Data segment:
--- START ---

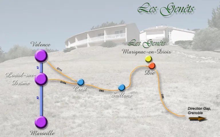 Située à Marignac-en-Diois dans la Drôme, à 650 mètres d’altitude, au cœur du parc naturel du Vercors, la résidence « Les Genêts » vous offre le calme et la beauté de son site privilégié au milieu d’un paysage de pins et de lavande.
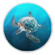 An insanely detailed shimmering turtle on a blue turquoise ocean background.
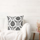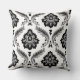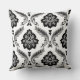 Rococo Damask Off-Set Pattern Grey Black White Throw Pillow
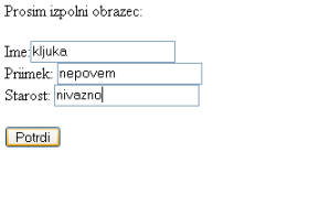 <?php $ime = $_GET['ime']; $priimek = $_GET['priimek']; $starost = $_GET['starost']; echo 'Ime vam je '.$ime.' pišete pa se '.$priimek.'. Stari ste '.$starost.' let.'; ?> Sedaj odprite obrazec.html ter vpišite podatke. Kliknite Potrdi. Odprla se bo stran stran.php kjer bodo izpisani vaši podatki. Če pa dobro pogledate v vrstico z URL-jem bodo noter zapisani vaši podatki. Obrazec je torej odprl stran localhost/stran.php?ime=kljuka&priimek=nepovem&starost=nivazno&potrdi=Potrdi Vsi podatki iz obrazca so se prenesli v URL nato pa s pomočjo $_GET spet napisali. |

--- END ---

Problem to work on:
Only the pictures are to be left out; repeat all other material exactly.

Completed exercise:
 Située à Marignac-en-Diois dans la Drôme, à 650 mètres d’altitude, au cœur du parc naturel du Vercors, la résidence « Les Genêts » vous offre le calme et la beauté de son site privilégié au milieu d’un paysage de pins et de lavande.
 An insanely detailed shimmering turtle on a blue turquoise ocean background.
 Rococo Damask Off-Set Pattern Grey Black White Throw Pillow
 <?php $ime = $_GET['ime']; $priimek = $_GET['priimek']; $starost = $_GET['starost']; echo 'Ime vam je '.$ime.' pišete pa se '.$priimek.'. Stari ste '.$starost.' let.'; ?> Sedaj odprite obrazec.html ter vpišite podatke. Kliknite Potrdi. Odprla se bo stran stran.php kjer bodo izpisani vaši podatki. Če pa dobro pogledate v vrstico z URL-jem bodo noter zapisani vaši podatki. Obrazec je torej odprl stran localhost/stran.php?ime=kljuka&priimek=nepovem&starost=nivazno&potrdi=Potrdi Vsi podatki iz obrazca so se prenesli v URL nato pa s pomočjo $_GET spet napisali. |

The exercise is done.